Multiple regression

Interactive SAS tutorials supporting the OpenIntro Introduction to Modern Statistics textbook.

Multiple regression

Thus far, we’ve only considered multiple regression models with one numeric explanatory variable. In this lesson, we will explore models that have at least two numeric explanatory variables.

Let’s reload the CARS dataset for this:

* Initialize this SAS session;
%include "~/my_shared_file_links/hammi002/sasprog/run_first.sas";

* Makes and checks a working copy of CARS data;
%use_data(cars);
%glimpse(cars);

Adding a second numeric explanatory variable

Mathematically, adding a second numeric explanatory variable to a regression model is trivial—we just add another term to our model.

\[HwyMPG = \beta_0 + \beta_1 EngSize + \beta_2 Weight + \epsilon\]

In this example, we are modeling the highway fuel economy (in MPG) of cars as a function of both engine size (in liters) and vehicle weight (in pounds). [We’ve been talking about SUV status as a proxy for weight, but why don’t we just use weight?!] Note that both engine size and weight are numeric variables, so this is not a parallel slopes model.

Syntactically, fitting this model in SAS is similarly trivial—we simply extend the model statement to incorporate both the engine size and weight variables, just as we did before.

* Regression of HWY_MPG on ENG_SIZE + WEIGHT;
proc reg data=cars;
	model hwy_mpg = eng_size weight;
run;

Unfortunately, while the mathematical and syntactical formulations of multiple regression models are easy extensions of things we already know, a graphical formulation of these models becomes trickier.

Graphics for 3D data space

Our data space is now three dimensional, because hwy_mpg, eng_size, and weight are all numeric variables that our model encapsulates.
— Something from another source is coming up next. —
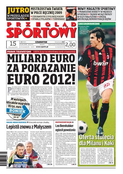 UEFA liczy na rekordowe zyski z transmisji telewizyjnych Euro 2012; Leo Beenhakker i Franciszek Smuda porozumieli się w sprawie powołania piłkarzy Lecha Poznań na najbliższe zgrupowanie reprezentacji; Górnik Zabrze przeznacza na zimowe transfery kolejne dwa miliony złotych; jakie są aktualne priorytety polityki transferowej Legii Warszawa; Adam Małysz rozstanie się z reprezentacją i będzie trenował indywidualnie pod opieką fińskiego trenera; Tomasz Sikora obawia się zawodów w pechowym Ruhpolding; Agnieszka Radwańska odpadła z turnieju w Sydney po ćwierćfinale rozgrywanym w 40-stopniowym upale.

So we will need to get a little bit creative in order to create a meaningful visualization of our model.

3D projections

Perhaps the most natural way to visualize a multiple regression model is as a cloud of points in three dimensions. In SAS, we can use PROC G3D to actually render a 3D display:

* Scatterplot of HWY_MPG by ENG_SIZE & WEIGHT;
proc g3d data=cars;
	scatter eng_size * weight = hwy_mpg / shape="balloon" size=.5 rotate=-45;
run;
quit;

You usually need to fiddle with the rotate option to get an angle that works for your data.

This is kind of helpful. The highest mileage data points (“higher” on the z-axis) are found for smaller engines in lighter cars, the lowest mileage data points (“lower” on the z-axis) are found for larger engines in heavier cars, and there generally seems to be a sloped plane between those sections

Tiling the plane

Another way to visualize a 3D model is to tile the plane. That is, we will create a 2D plot that covers all combinations of our two explanatory variables, and we will use color to reflect the response variable. We can do this within PROC SGPLOT, with only a minor change to the syntax:

* Scatterplot of HWY_MPG by ENG_SIZE & WEIGHT;
proc sgplot data=cars;
	scatter x=eng_size y=weight / colorresponse=hwy_mpg
		markerattrs=(symbol=circlefilled) colormodel=(red yellow green); 
	where not missing(hwy_mpg);
run;

The main change is the addition of the colorresponse = hwy_mpg option to indicate that colors should be assigned by values of hwy_mpg. We did also explicitly tell SAS which colors to use; and we removed values with missing data on the outcome, since they otherwise showed up as gray dots. Here’s the result:

In this figure, orange and red dots reflect cars with lower highway fuel economy, while yellow and green dots reflect cars with higher highway fuel economy. The interpretation is the same as above. Which graph do you find easier to “see”?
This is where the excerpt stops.